A conceptual figure of the development of the thyroid US CAD system using deep learning.

In the second step, a new rectangular region is generated using the lesion boundary extracted in the first step, and this region is classified as an input image. In the pre-processing module, three images with different margins are generated for the input image. This is to analyze not only the lesion area but also the farther peripheral area together. We used AlexNet32, a type of CNN to output classification results for seven US features including composition (cystic or partially cystic or solid), echogenicity (hyper/isoechogenicity or hypoechogenicity) orientation (parallel or non-parallel), margin (ill-defined or microlobulated/spiculated or well-defined,), spongiform (appearance, non-appearance), shape (ovoid-to-round or irregular), and calcification (macrocalcifications, microcalcifications, no calcifications) for one image input.
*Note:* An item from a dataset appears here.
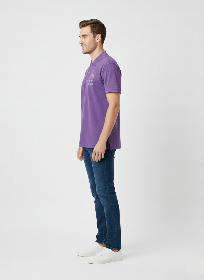 Men’s solid purple polo shirt made from soft, breathable cotton with a classic collar design. Perfect for smart casual and everyday comfort.

In the third and last classification step, the lesion area which was obtained in the first step is used as an input image, and the US features which were obtained in the second step are integrated in the feature layer of the image to the lesion as benign or malignant. We modified GoogLeNet to take grayscale images as input and to have 2-class output of benign/malignant and removed two auxiliary classifiers33. We trained our network with ImageNet dataset which was converted into grayscale images and then used as a pre-trained model34. CNN training was implemented with the Caffe deep learning framework, using a NVidia K40 GPU on Ubuntu 12.04. A model snapshot with the lowest validation loss was taken for the final model. The learning hyperparameters were set as follows: momentum 0.9, weight decay 0.0002, and a poly learning policy with base learning rate of 0.25. The image batch size was 32, which was the maximum batch size that worked with our system.

Evaluation of the thyroid US CAD system

Clinical validation of dCAD was performed with the independent validation data set. For each thyroid nodule, two representative images, one for the transverse view and one for the longitudinal view, were used for analysis. For each image, the developed dCAD presented a diagnosis as to whether the nodule was possibly benign or malignant. When at least one image was assessed as possibly malignant by dCAD, the nodule was classified as possibly malignant. The same approach was used when evaluating the performance of sCAD.

Data and statistical analysis

We compared the diagnostic performance of dCAD in the validation data set, which utilized CNNs for the diagnosis of thyroid nodules, with those of sCAD and radiologists. Subgroup analyses were performed according to the experience level of the radiologists and nodule size, with an additional analysis performed for small thyroid nodules 1–2 cm in maximum diameter. The four faculty members (5–20 years of experience in thyroid imaging) were designated as experienced radiologists, and the six fellows training in thyroid radiology (1–2 years of experience in thyroid imaging) were designated as inexperienced radiologists for subgroup analyses. We compared demographics and nodule characteristics between the experienced and inexperienced radiologist group. For subject-based comparisons of demographics, the independent two-sample t-test and chi-square test were used. For nodule-based comparison of nodule characteristics, the generalized estimating equations (GEE) method was used.

The sensitivity, specificity, PPV, negative predictive value (NPV) and accuracy for thyroid malignancy diagnosis were calculated and compared by using logistic regression with GEE. Pairwise comparisons were performed for variables that showed statistically significant differences between the three groups (dCAD, sCAD, and radiologists). All statistical analyses were performed with SPSS software (version 23.0, IBM Corporation, Armonk, NY). A two-tailed P value of less than 0.05 was considered to indicate a statistically significant difference. In addition, we reviewed the cases that were incorrectly classified by the radiologists and both CAD systems.